Militer Israel mengumumkan Nasrallah tewas dalam serangan udara di Beirut, Lebanon bersama dengan beberapa komandan lainnya.
Dalam sebuah pernyataan yang dirilis Sabtu pagi waktu setempat, Pasukan Pertahanan Israel (IDF) mengklaim bahwa Nasrallah tewas bersama Ali Karki, Komandan Front Selatan Hizbullah, selama operasi tersebut.
"Hassan Nasrallah, pemimpin organisasi teroris Hizbullah dan salah satu pendirinya, disingkirkan oleh IDF, bersama dengan Ali Karki, Komandan Front Selatan Hizbullah, dan komandan Hizbullah lainnya," kata Pasukan Pertahanan Israel, dikutip dari CNN internasional.
Militer terus menargetkan berbagai lokasi di Beirut, dengan klaim menyerang fasilitas penyimpanan rudal yang digunakan oleh Hizbullah. Daerah tersebut mencatat terdapat ledakan besar bergema di ibu kota Lebanon.
Angkatan Udara Israel melakukan serangan yang ditargetkan pada markas besar organisasi Hizbullah, yang terletak di bawah tanah di bawah bangunan tempat tinggal di daerah Dahieh, Beirut.
Konflik bersenjata tersebut dikhawatirkan menjadi bahan bakar bagi harga minyak mentah dunia untuk melaju. Terutama setelah Iran, salah satu produsen minyak mentah utama dunia, turut geram atas ulah Israel. Kenaikan harga minyak mentah dunia akan meningkatkan risiko inflasi.
Menteri Luar Negeri Iran, Abbas Araqchi menegaskan pembunuhan wakil komandan Garda Revolusi Iran di Lebanon adalah kejahatan mengerikan yang tidak bisa dibiarkan begitu saja, Minggu (29/9). Iran tidak akan tinggal diam atas peristiwa ini.
Seperti diketahui, Brigadir Jenderal Abbas Nilforoushan tewas dalam serangan udara yang dilakukan oleh Israel di Lebanon pada hari Jumat (27/9). Kejadian ini juga ikut menewaskan pemimpin kelompok milisi Hizbullah, Hassan Nasrallah.
Rilis Data Genting dari China dan AS
Para pelaku pasar juga akan mencermati rilis data dari China dan Amerika Serikat (AS) sebagai dua negara yang memiliki pengaruh dan kekuatan ekonomi besar bagi dunia.
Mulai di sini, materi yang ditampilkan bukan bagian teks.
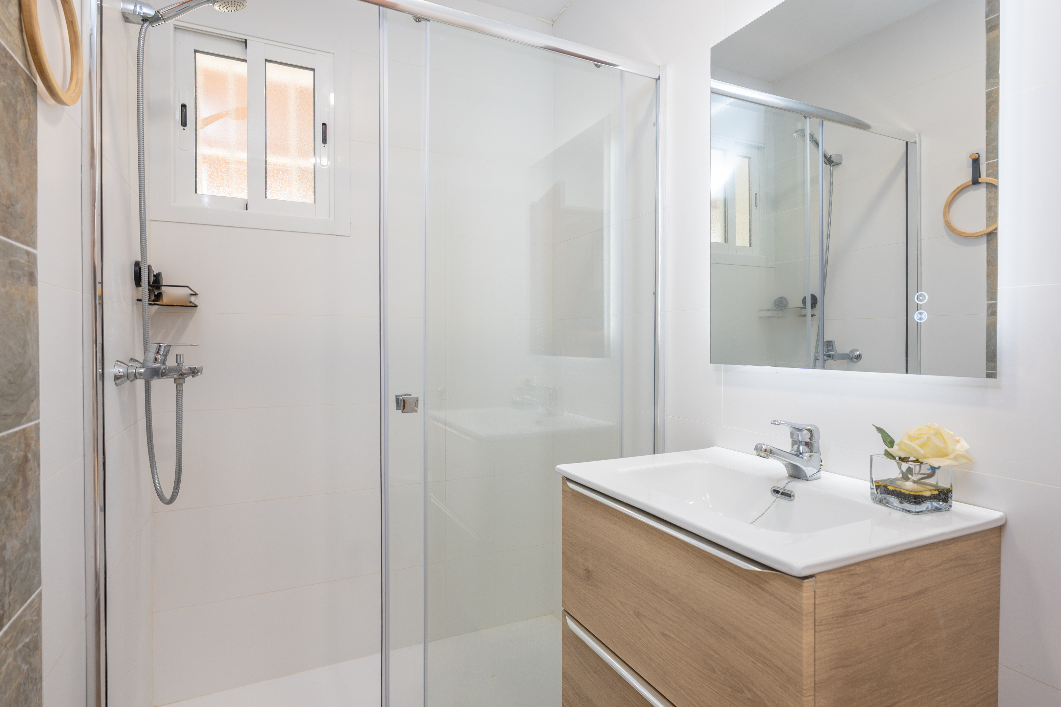 Op de begane grond bevindt zich ook de eerste slaapkamer, met een tweepersoonsbed, airconditioning en inbouwkasten, evenals een moderne badkamer met douche.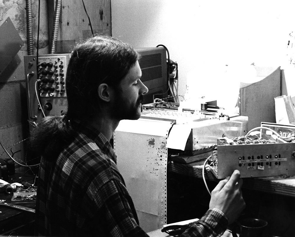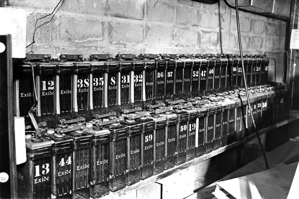 Alan Sondak set up this array of bateries in an early experiment to store the energy generated by his wind generator.

China memulai langkahnya dengan laporan NBS Manufacturing PMI pada hari ini (30/9/2024). Dengan angka 49.1 di bulan sebelumnya, ekonomi terbesar Asia ini tampaknya belum sepenuhnya bangkit.
Di sisi lain, PMI Non-Manufacturing, meski sedikit melemah, tetap kokoh di zona ekspansi pada 50.3. Sentimen pasar mungkin berharap pada stabilitas General PMI dan Caixin Manufacturing PMI, yang memberi secercah harapan dengan konsensus mendekati 50.4. Ini adalah pertempuran antara realitas dan harapan di negeri Tirai Bambu.
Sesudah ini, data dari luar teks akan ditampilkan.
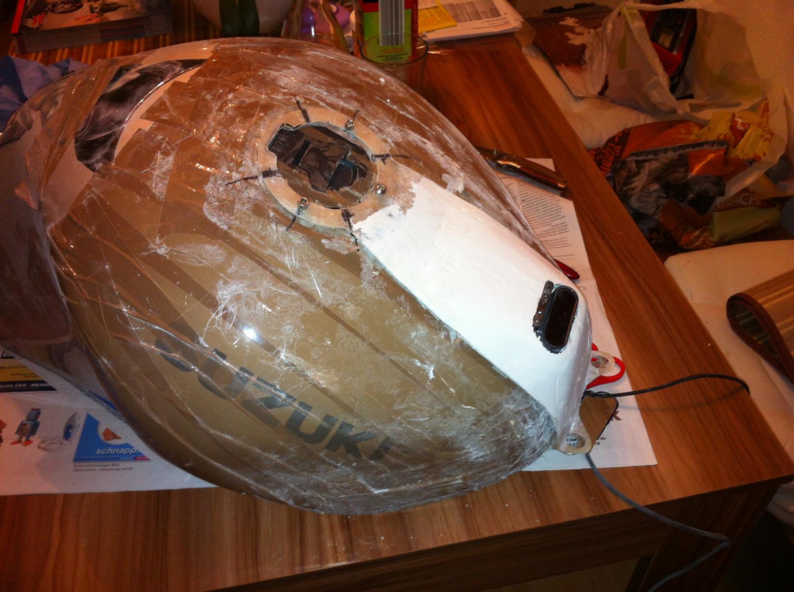 Zum Plan: Ein Gfk-Teil das von der Tankbefestigung vorne am Rahmen bis zum Tankdeckel verläuft herstellen.

Sementara dari AS, akan rilis data Non-Farm Payrolls AS. Konsensus berada di angka 142K, menandakan potensi perlambatan di sektor pekerjaan. Tingkat pengangguran yang diproyeksikan stabil di 4.2%, serta pertumbuhan gaji per jam yang diantisipasi melemah, menjadi penentu apakah Federal Reserve akan melunak di pertemuan berikutnya.
Secara keseluruhan, pekan depan dipenuhi oleh data ekonomi penting yang akan memengaruhi sentimen pasar global. Dari pertumbuhan manufaktur di China hingga data tenaga kerja di AS, investor akan fokus pada bagaimana data ini membentuk prospek ekonomi dan kebijakan moneter ke depan.